(Decided I'm just going to go ahead and do a couple game reviews in a row this week. It happens occasionally.)
Nan Creatures is a flash game that I'll admit right off the bat that I'm not really recommending. (You might notice that I've linked the hacked version from Arcade Prehacks; there's a good reason for that.)
Gameplay-wise, Nan Creatures is a mon game where your mons are basically the wizards from Ether of Magic Cards. (Except for variations in the card/move pools, they're essentially exactly the same, to the point where I'm wondering even more about what inspired what than I was in the EoMC post.)
(The above screenshot was chosen to depict as many of the mons from the game as possible in one screenshot, because I quite like the creature designs. Click for full view, obviously.)
The key difference is that since you can have a team, the gameplay is quite a bit more balanced. (If you haven't recently read the EoMC article, I basically stated that battles tend towards either super-slow and grindy or quick and swingy.)
It's very polished, though with a few oddities, such as the "immunity" status effect being both impervious to being dispelled and protecting from several status effects as well as its stated purpose of granting temporary invulnerability. (I'm not saying I mind the total invulnerability so much, but I'd rather the tooltips tell me it's there... and for balance purposes dispelling it would probably be preferable, no matter how awesome it is to put the whole team under immunity for two turns and just chuckle as the surprisingly clever AI scrambles into a defensive footing.) I particularly like the "combo" abilities, which allow one to use multiple cards/moves (and is an interesting demonstration of how much design space such an ability actually has*), though they'd clearly be far too powerful for a 1v1 game like EoMC**.

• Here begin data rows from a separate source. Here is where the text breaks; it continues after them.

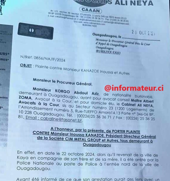 Selon des sources proches de l’affaire, Aziz Korgho, par le truchement de son avocat, a saisi le Procureur en portant plainte conformément au code de procédure pénale, contre Inoussa Kanazoé pour enlèvement, et séquestration. Beaucoup se posent des questions sur ce dossier qui commence à faire grand bruit à Ouagadougou. La rédaction d’Informateur.ci mène ses investigations pour éclairer le public sur cette affaire à senteur de souffre. Dans notre prochaine publication sur ce dossier, nous reviendrons sur ce que l’homme d’affaires reproche réellement à Aziz Korgho et que dit ce dernier pour sa défense. Affaire à suivre le 1er décembre 2024 dans l’Acte 2.
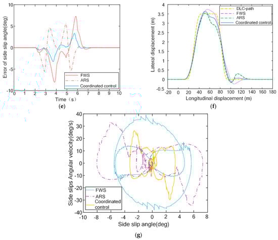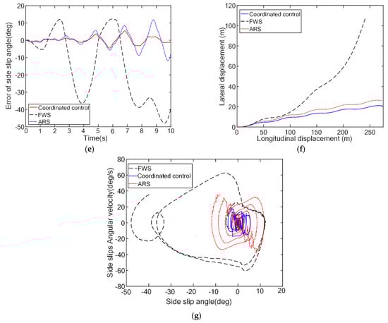Based on the above analysis, it is not difficult to find: Both “ARS” control and coordinated control can effectively reduce the maximum response amplitude of the yaw rate error curve and the maximum response amplitude of the side slip angle error curve. However, coordinated control can further optimize the control effect and better ensure the vehicle’s stability under high-speed and complex working conditions. This conclusion can also be verified here from the phase plane diagram. It can be seen from Figure 16g that, compared with the other two control methods, the phase plane trajectory convergence of the vehicle under coordinated control is the finest.
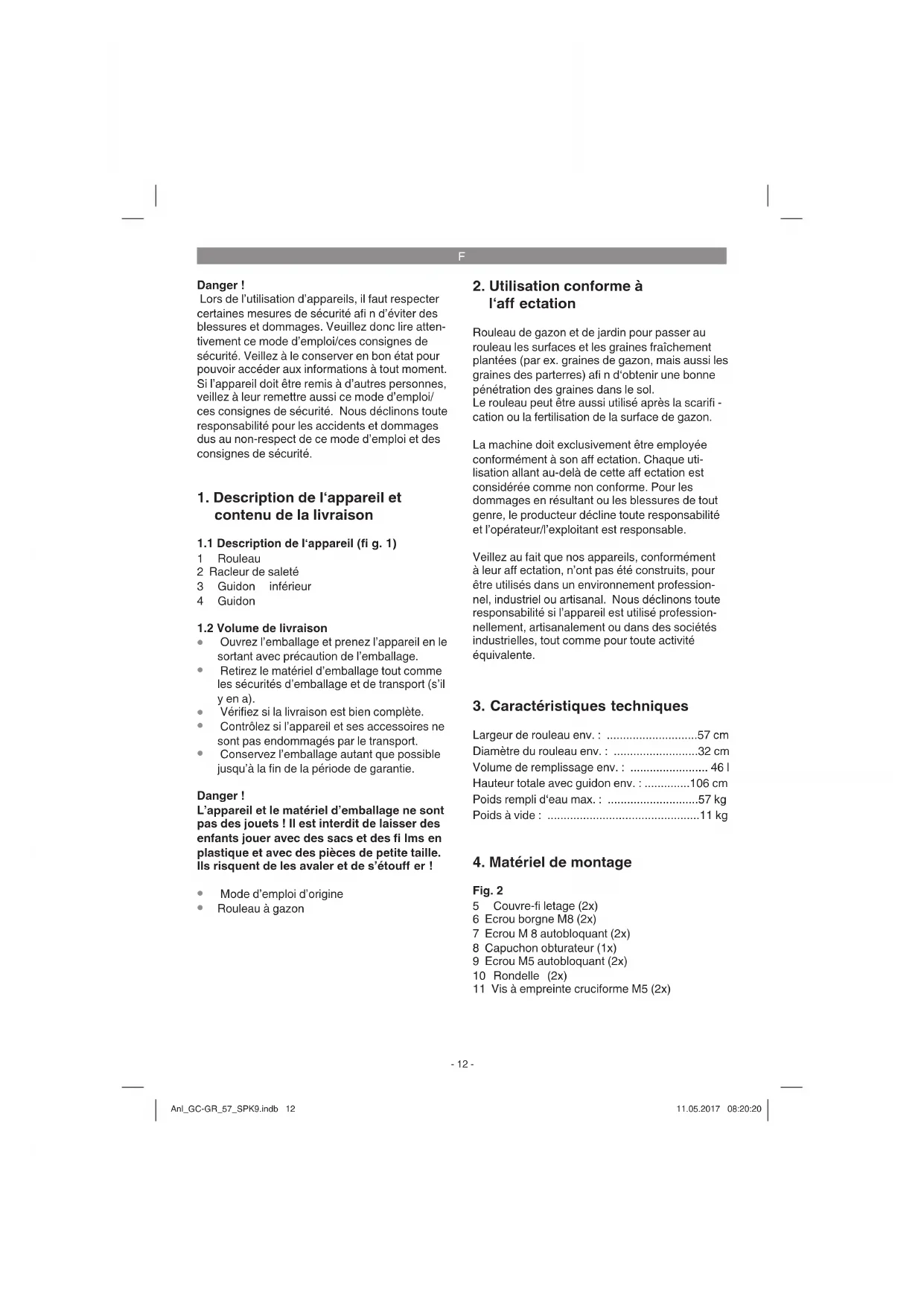 l‘aff ectation Rouleau de gazon et de jardin pour passer au rouleau les surfaces et les graines fraîchement plantées (par ex. graines de gazon, mais aussi les graines des parterres) afi n d‘obtenir une bonne pénétration des graines dans le sol. Le rouleau peut être aussi utilisé après la scarifi - cation ou la fertilisation de la surface de gazon. La machine doit exclusivement être employée conformément à son aff ectation. Chaque uti- lisation allant au-delà de cette aff ectation est considérée comme non conforme. Pour les dommages en résultant ou les blessures de tout genre, le producteur décline toute responsabilité et l’opérateur/l’exploitant est responsable. Veillez au fait que nos appareils, conformément à leur aff ectation, n’ont pas été construits, pour être utilisés dans un environnement profession- nel, industriel ou artisanal. Nous déclinons toute responsabilité si l’appareil est utilisé profession- nellement, artisanalement ou dans des sociétés industrielles, tout comme pour toute activité équivalente.
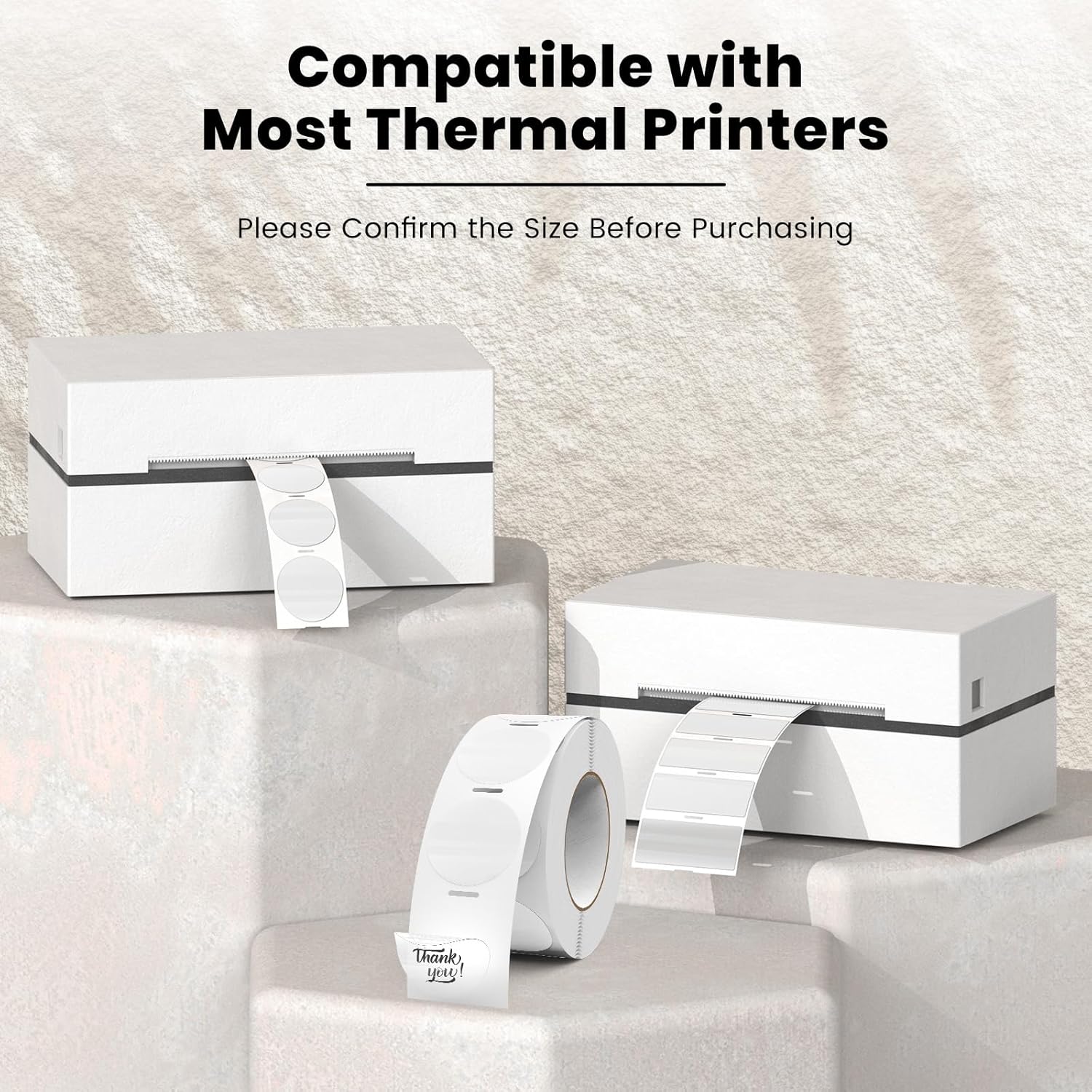 - Package: Print size of FINDAT transparent round thermal stickers is 1" with 500 pieces per roll. Suitable for most direct thermal printers. Note: Not for mini printers,such as M110, M120, M220, T50m Pro.

Quite a bit of fun once you've picked up the rhythm and felt out the game design, really.
So it's a shame that 1) the game is one that you'd normally need to burn hours on to get anywhere, and 2) technically it's an advertisement for a game you'd need to register and sign in to play properly.
See, there's no save feature normally, and you'd normally need to spend hours grinding to buy what you need to advance past the first few levels. And the game also has pesky annoying popup dialogues reminding you of this every time you do something that a normal game might remember.
So that's why I linked the hacked version, which gives you an easy way to win battles, and while it doesn't automatically give you tons of in-game money, hitting the "win battle" button repeatedly when you're in the post-battle screen actually gives you more to spend-upon discovering this, I easily made about 1.3 million in-game gold.
And even then, there's still the danged popups.
Such a shame, really.
I don't really know for certain if membership on the website requires any kind of money, but it seems rather likely. (And, of course, sometimes sites like that go down, orphaning games like this.) But if (and that can be a kinda severe if) you can get around the various problems surrounding the game, it's not a bad way to spend a few hours.
*To wit, there's the obvious combo move types (which I'll abbreviate "C"), C2 (make two moves in addition to this one) and C3 (make three moves, i.e. the maximum possible). (Note that using the two moves together effectively freezes the game because you run out of moves to use and then you can't backtrack. Not very good programming/interface/game design.) There's also "C1 plus damage," "C1 plus status buff," and "C1 plus negative status effect." In effect, a weaker than average normal move that also lets you use one more move. And yes, you can use these moves together with C2 to use your entire set of moves at once like you would with C3 and three normal moves.
**I know they would be because the closest thing Ether of Magic Cards has to the combo moves is the Wrath of God card, which forces the opponent to skip a turn and inflicts the most damage of any attack card. Two Wraths and a half-decent attack in one's opening hand is literally an instant win, and another card that forces a skipped turn can buy one the time one needs to draw that last bit of damage.